Given data.
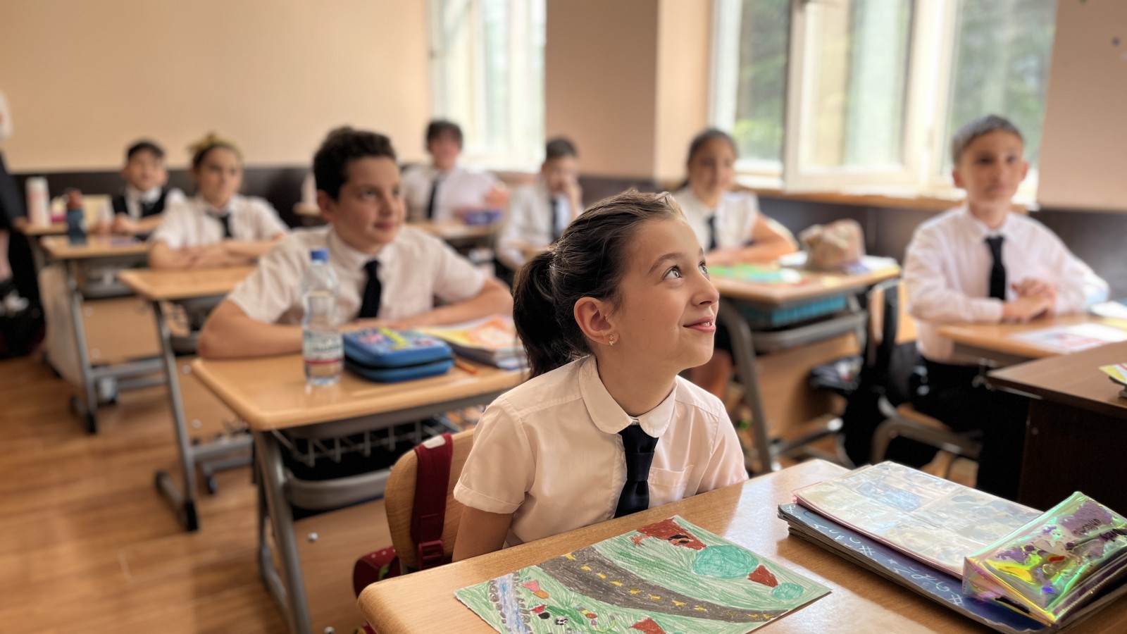 ნათელი საკლასო ოთახებითა და განიერი დერეფნებით, რომელიც მოიცავს:
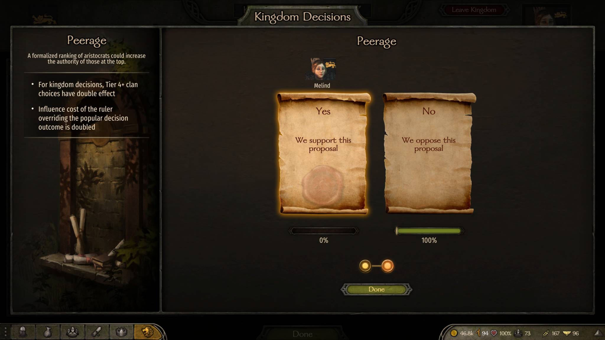 - Peerage – tier 4 clan choices have doubled effects; influence cost of ruler overriding popular decision is doubled – the x2 effects don’t seem to work when combined with Noble Retinues.
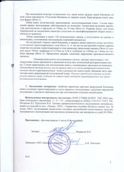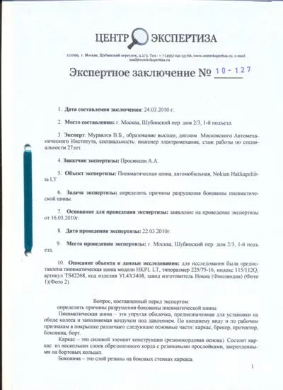Прочитав этот бред я договорился с продавцом, что мы отправим эту шину на независимую экспертизу. И надо отдать должное продавцу (www.vianor-moscow.ru), они строго в соответствии с законом о правах потребителей за свои деньги отправили данную шину в указанный мной независимый экспертный центр.
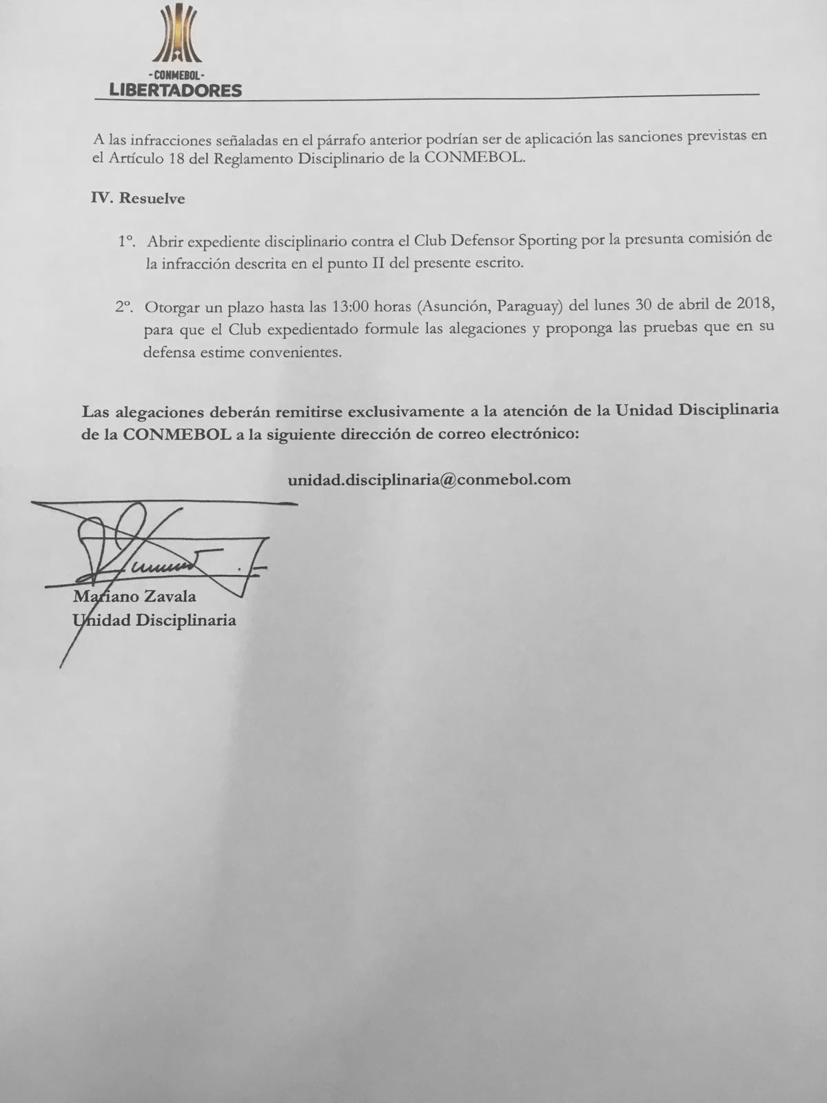 Conmebol inició procedimiento disciplinario contra el club
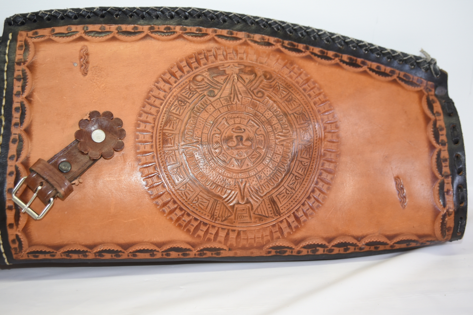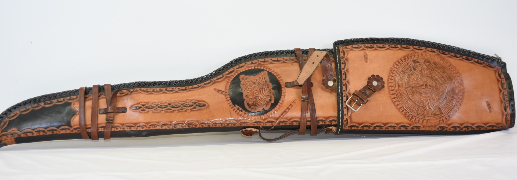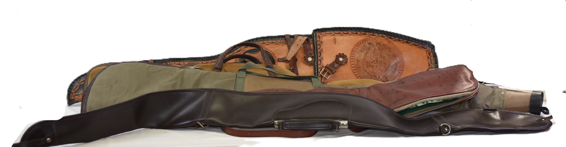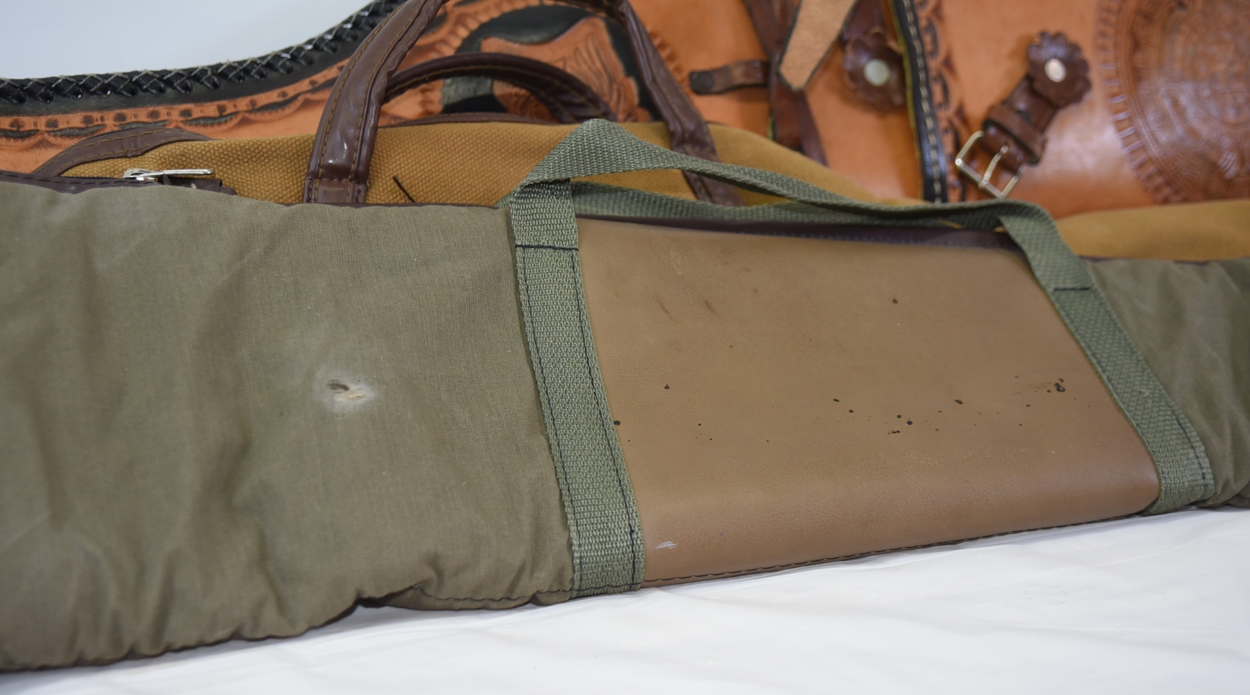 - 39" brown soft rifle case, has stain spots, few threads are ripped.

What this task involves. Return the lines exactly, from the one containing "Прочитав этот бред" through the last line above, including both ends and excluding every picture.

Your solution.
Прочитав этот бред я договорился с продавцом, что мы отправим эту шину на независимую экспертизу. И надо отдать должное продавцу (www.vianor-moscow.ru), они строго в соответствии с законом о правах потребителей за свои деньги отправили данную шину в указанный мной независимый экспертный центр.
 Conmebol inició procedimiento disciplinario contra el club
 - 39" brown soft rifle case, has stain spots, few threads are ripped.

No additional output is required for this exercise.